Ekonomi

Angin Segar! Bos BI Jamin Rupiah Bakal Terus Menguat, Ini Target Levelnya

JAKARTA, beritasekarang.id – Di tengah dinamika ekonomi global yang tak menentu, Gubernur Bank Indonesia (BI) membawa kabar yang menyejukkan bagi para pelaku pasar dan masyarakat luas. BI memberikan jaminan kuat bahwa nilai tukar Rupiah terhadap Dolar AS akan terus melanjutkan tren penguatannya.

Optimisme ini disampaikan langsung oleh “Bos BI” dalam konferensi pers terbarunya, merespons pergerakan mata uang Garuda yang kian perkasa di awal tahun 2026 ini.

Fundamental Ekonomi Jadi Kunci

Keyakinan BI bukan tanpa dasar. Gubernur BI menegaskan bahwa penguatan Rupiah didukung oleh fundamental ekonomi Indonesia yang sangat solid. Beberapa faktor utama yang menjadi pendorong antara lain:

  1. Inflasi Terjaga: Laju inflasi domestik yang rendah dan stabil dalam sasaran target.
  2. Pertumbuhan Ekonomi: Kinerja pertumbuhan ekonomi nasional yang tetap impresif di atas 5%.
  3. Imbal Hasil Menarik: Daya tarik aset keuangan Indonesia (SBN dan Saham) yang memicu derasnya arus modal asing (capital inflow) masuk ke tanah air.

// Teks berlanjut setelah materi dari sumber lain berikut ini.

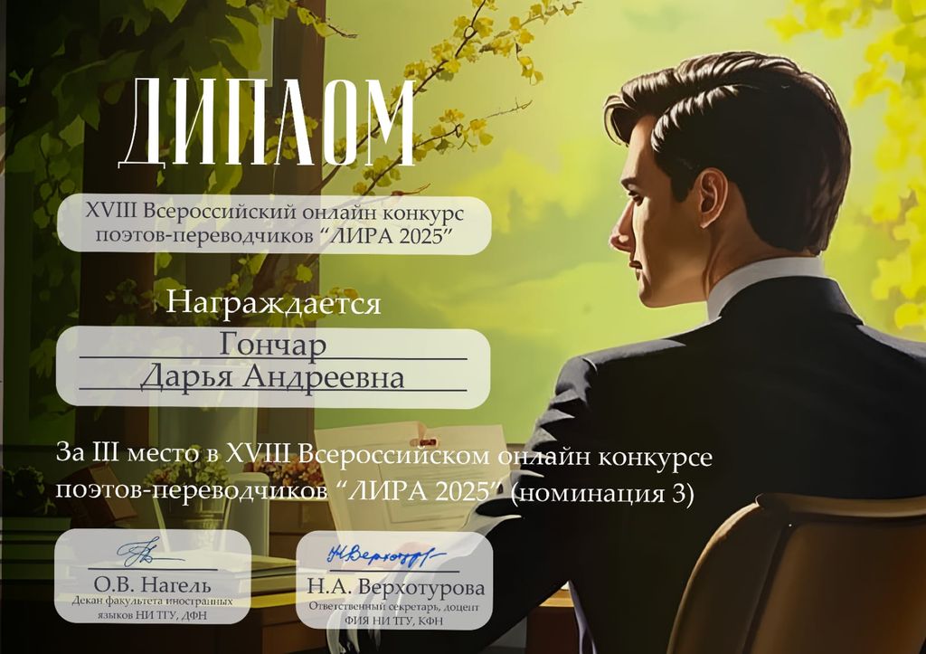 Новости все 22 апреля, 2025 Итоги VIII Всероссийского конкурса поэтов-переводчиков «ЛИРА 2025» «Перевести или пережить»Подведены итоги VIII Всероссийского конкурса поэтов-переводчиков «ЛИРА 2025» «Перевести или пережить», приуроченного к 135-летию Бориса Пастернака. В этом году на конкурс было подано почти 500 заявок для участия в 18 номинациях по переводу стихотворений Б. Пастернака на языки мира. Среди участников и победителей – студентка факультета иностранных языков Дарья Гончар (ИЯ-342). С переводом стихотворения Б. Пастернака на французский язык Дарья заняла III место. Кафедра немецкого и французского языков гордится, что талант, усердие и творчество Даши покорили жюри и желает новых свершений, вдохновения и радости от каждого переведённого слова! Пусть эта победа станет ступенькой к ещё большим успехам. НОМИНАЦИЯ 3. ПЕРЕВОД СТИХОТВОРЕНИЯ Б.Л. ПАСТЕРНАКА С РУССКОГО ЯЗЫКА НА ФРАНЦУЗСКИЙ Рассвет

“Kami yakin Rupiah akan terus menguat. Fundamental kita mendukung itu, dan persepsi investor global terhadap Indonesia sangat positif,” tegasnya.

Sampai Level Berapa?

Lantas, sampai level mana Rupiah akan menguat? Meskipun tidak menyebut angka tunggal secara spesifik untuk menghindari spekulasi berlebih, BI memproyeksikan Rupiah akan bergerak stabil menjauhi zona rawan dan berpotensi menembus level psikologis baru yang lebih kuat dibanding rata-rata tahun lalu.

Penguatan ini diprediksi akan berdampak positif bagi biaya impor bahan baku industri, yang pada akhirnya dapat menekan harga barang di tingkat konsumen.

BI juga berkomitmen untuk terus berada di pasar guna memastikan volatilitas nilai tukar tetap terjaga, sehingga dunia usaha dapat melakukan perencanaan bisnis dengan tenang.